Le roman de Balzac était constitué de trois parties dont celle qui se déroule à Paris n’était que le centre. Giannoli et son co-scénariste Jacques Fieschi ont décidé d’en faire l’essentiel de leur film. Car c’est bien là que la vie de Chardon/Rubempré va basculer quand, lâché par sa belle suite à quelque maladresse, il va trouver, à défaut de succès littéraire, une carrière fulgurante dans le journalisme grâce à sa rencontre avec Lousteau, un jeune filou qui gravite dans un milieu de l’écrit, où les petits billets d’humeur font la pluie et le beau temps sur la carrière des livres ou des pièces de théâtre, principale distraction des parisiens. Il faut savoir que la plupart de ces libelles sont monnayés par les auteurs et producteurs qui paient pour avoir une bonne critique ou une mauvaise envers leurs concurrents à saborder. Un monde où la vérité importe peu : le sophisme y est roi et sait défendre l’indéfendable, pourvu que l’argent rentre dans les caisses. Un monde où un personnage singulier (le regretté Jean François Stévenin) se fait rémunérer pour faire applaudir ou huer les pièces et où un éditeur illettré mais très opportuniste dicte ses règles.
Le film de Giannoli, captivant et emballant de bout en bout, met en lumière l’incroyable modernité de l’œuvre de Balzac qui, 15 ans avant Marx, avait su décortiquer son époque où, derrière les vieux ors de l’aristocratie, montait en puissance le monde de la spéculation, de l’argent roi, et où l’aspiration à plus de démocratie apparente ne serait qu’un moyen pour quelques futurs barons de l’économie de s’enrichir encore davantage.
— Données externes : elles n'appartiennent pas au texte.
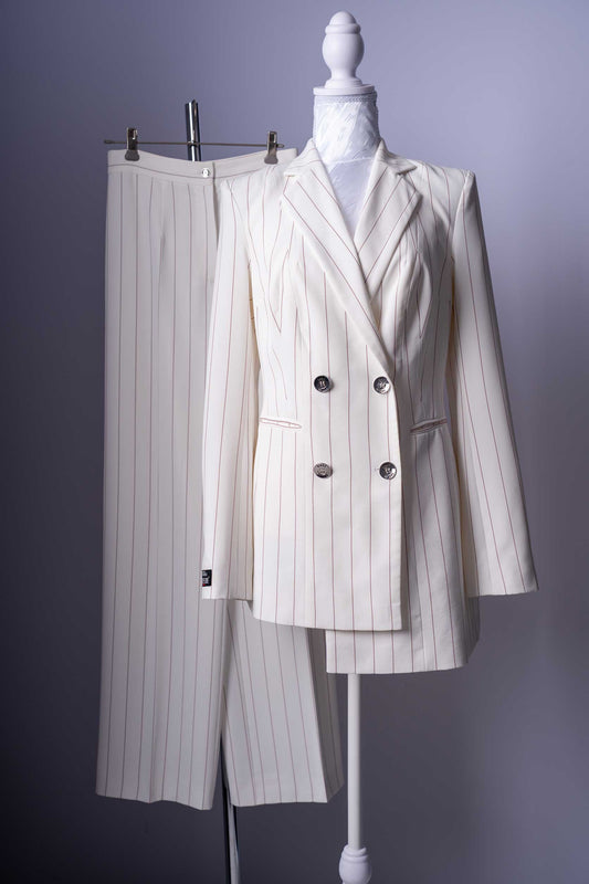 Eleganter Damen-Blazer in Weiß mit Nadelstreifen - Zweireihig & Tailliert

Il n’échappera par ailleurs à personne que Giannoli évoque très fort, et à raison, l’état de notre presse, de nos médias d’information continue où plus rien n’a de sens si ce n’est la course au buzz et à l’audimat indispensable pour engranger les recettes publicitaires.
Illusions perdues impressionne par son énergie, son sens du rythme, sa richesse narrative, l’ampleur de sa mise en scène – les fastes corrompus de l’époque sont superbement reconstitués –, et son exceptionnelle troupe d’acteurs : on n’en distinguera aucun, on n’en citera aucune, tous sont au diapason, du plus grand au plus petit rôle.